Name: Olivia Johnson
From: Laconia, NH
Votes: 0
One Wrong Move
Laconia, New Hampshire. It’s a small town in the northern part of New Hampshire. I have spent most of my life here, from age 11 to 17 years old. I have a younger sister who’s only 14, she has been here her entire childhood. 16,871 is the population of residents in Laconia as of 2021. Before that Laconia was actually classified as a village. That is how confined it is, so I’m sure it’s easy to see that the community is tight knit. We moved her in 2018. There were 9 fatal car accidents in our small town that year. The year before that there were 16. in 2016 there were 11, the year before there were 17. 17 fatal car accidents in a town whose population is just short of a village. So what’s that to say about a city like Los Angeles. In 2015, there were an estimated 52,000 car accidents in LA. In 2016, the number of traffic accidents in Los Angeles went up by nearly 20 percent to 55,350. That means that an average of one person is killed in Los Angeles traffic accidents every 40 hours.
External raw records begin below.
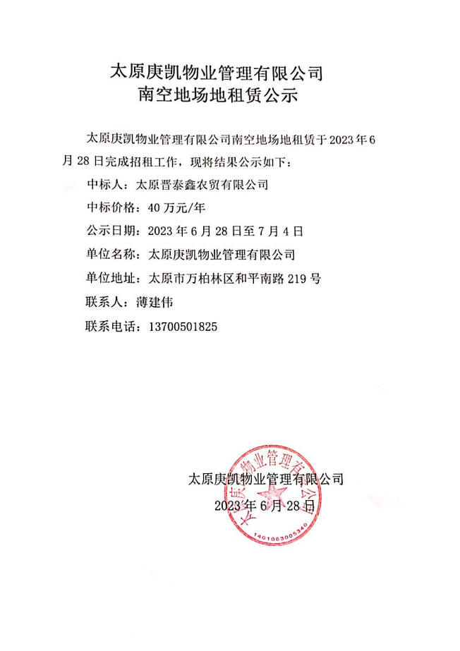 庚凱公司南空地項(xiàng)目場地租賃公示
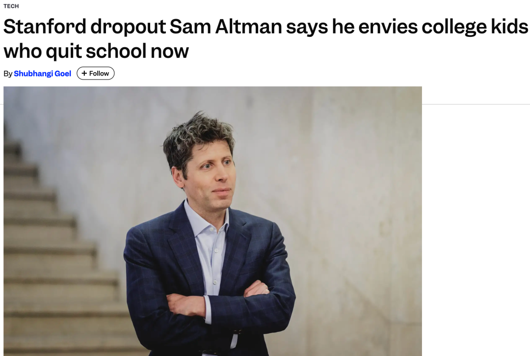 也就是前不久,同样是辍学创业过的奥特曼说,他有点羡慕现在这代退学的年轻人。
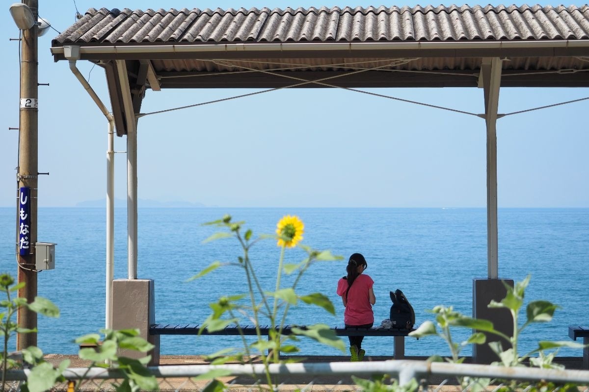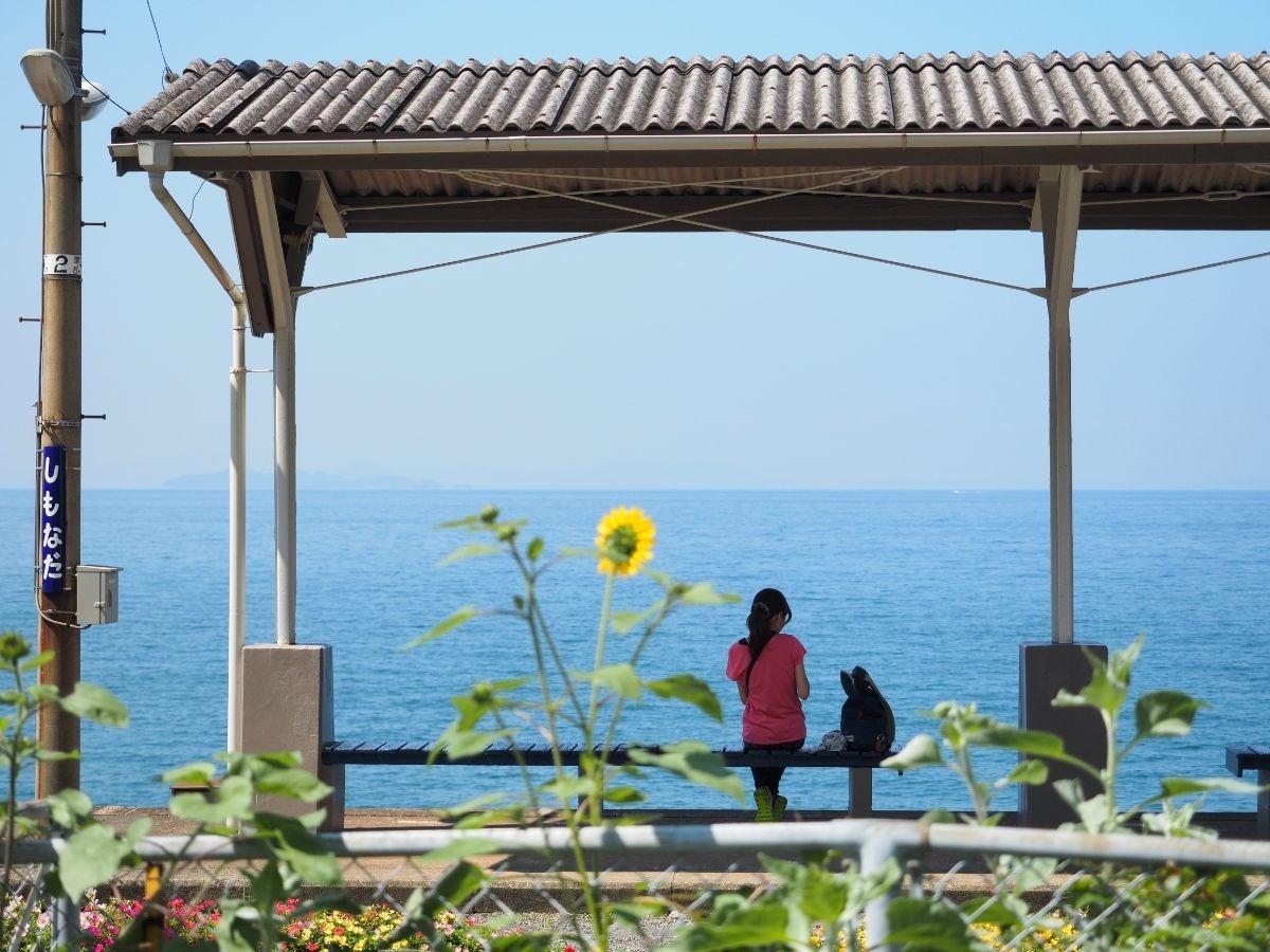 ホームから伊予灘ののどかな風景を見晴らせる絶景の無人駅で、〔伊予灘ものがたり〕もここでしばらく停車します。ただし、休日は観光客で大変混雑するので、ゆったりと訪れるのなら平日がおすすめです。夏なら、19時前後に伊予灘へ沈む夕陽を眺めることもできます。

Every 40 hours a person dies because people are under-educated when it comes to driving. 55,000 car accidents in one place in a single year. These statistics were released 7 years ago, who knows how bad it is now.
So we must ask ourselves, what steps must be taken in order for people to be more safe on the road. Driver Education is more important than ever right now. But it is quite costly and even if you have the money for it you may not have a vehicle just yet as a young 16 or 17 year old kid. So why pay for a class when you could just wait a couple years right? Wrong. Driver Education is detrimental in becoming a safe driver. If you go into the DMV and take a test at 18 years old with zero education and little time spent on the road, how on earth are you gonna be prepared to drive for the rest of your life? Are you going to learn as you go? What happens then, you are involved in a head on collision and kill yourself and/or someone else? But you were just learning as you go.. Right? Driver education needs to be required no matter what age you are. It isn’t right to have some people spend two months learning and testing and training just to take their test while other people wait a year or two and are handed their license just because they could drive the speed limit with the person testing them in the car. We all know the majority of kids who go to take their driving test completely fake it until they make it.
Does anyone honestly believe a newly licensed teenager is actually driving around town the way they did when they took their test. It was a facade they put on so they could pass the threshold. Now we have just given a license to some kid that is going to immediately go pick up his or her friends and speed around without a care in the world. Kids ages 16-19 are 3 times more likely to be involved in a fatal car accident than anyone else. Driver education need to be required and enforced because if it isn’t parents are going to continue worrying, and some are going to continue grieving because there son or daughter who was so close to really starting their life has just died because they were handed a license after taking a test on road signs and driving in a circle for 10 minutes. There also should never be an age at which people can stop taking their driving test. It should be required every four years as should the written exam. It may seem useless, because after a while a person should be trusted to know what they’re doing shouldn’t they. And for a while I’m sure they can be. But what happens when a person gets older, their vision and hearing wears and their memory starts to go. They aren’t able to perform behind the wheel like they once could. My own grandmother drives with both of her feet. She gets into multiple small accidents a year. She speeds, she ignores road signs, and no one is gonna ticket a little old lady so she drives freely day to day being a menace on the road and she has no idea she’s even doing anything wrong. There is a problem with the system and we need to fix it. Before more people die.